Beth Williamson Icon

I’m in the middle of writing The Redemption of Micah, my second Brava book and the one that follows The Education of Madeline. I wrote Madeline’s book a few years ago, so Micah’s story is like taking a trip to visit old friends.

And it’s a very comfortable journey.

To start the process I re-read Madeline’s story and found myself engrossed again in Plum Creek Colorado, circa 1872. Madeline’s character had a lot of me in her, and I fell in love with her and Teague all over again. And then there was Micah.

Ah, gentlemanly tortured Micah with a drinking problem, a tremendous scar on his face and a broken heart. I’m not sure what it is about men with emotionally shatterd souls, but they appeal to me more than a confident handsome rogue. Micah is a man who cannot find his way out of the dark without a very bright light to guard him. He’s been lost for so long, he has stopped trying.
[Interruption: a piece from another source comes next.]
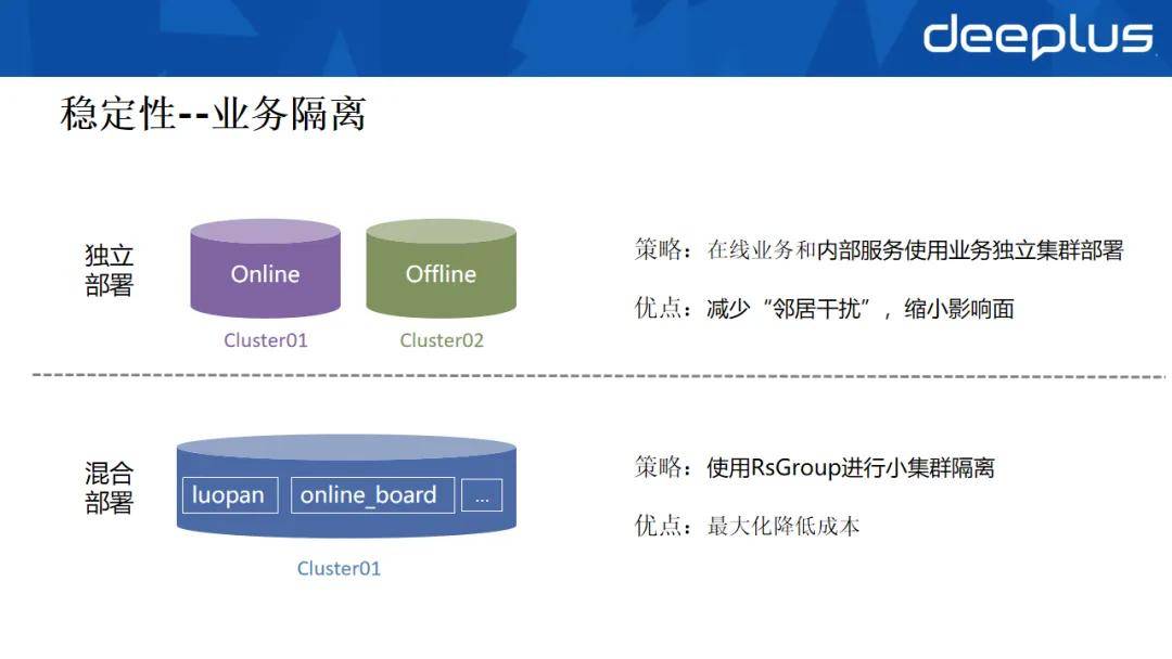 将在线业务与离线业务拆分,离线业务独立部署。由于离线业务可能存在大规模或不定期读写操作,对底层磁盘压力比较大,同时数据量也庞大,因此无法与在线业务进行共同部署。该策略的优点是不影响在线业务的稳定性与性能。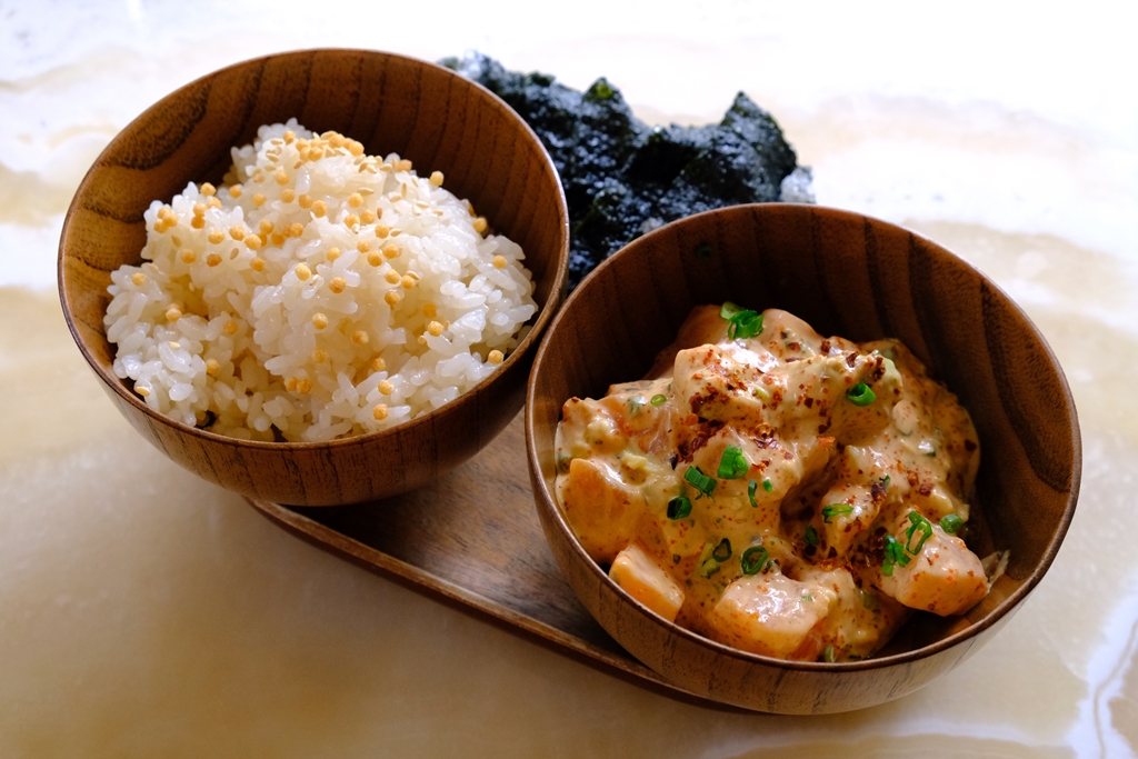 3. DIY Salmon Temaki (450++ THB) [15/20] – เทมากิแบบ DIY ที่เสิร์ฟแซลม่อนดิบหั่นเต๋าคลุกซอสมาโยไข่ปลาพร้อมด้วยข้าวซูชิและสาหร่ายกรอบ

It’s amazing to me that I can relate to this man, this character I invented from my head and he becomes real to me. I feel his pain, his longing, his absolute need for redemption. Does that make me a little wonky? More than likely.

I get very caught up in my characters, probably more than I should. I’ll confess now that I’ve cried when writing a scene (not to mention other more interesting emotions). I wonder how many other writers get down deep in their character’s stories.

Then again, it’s like visiting old friends, laughing, crying, getting wiggly, and finding joy together. I’m off to get busy with Micah again, I’ll be back in a bit.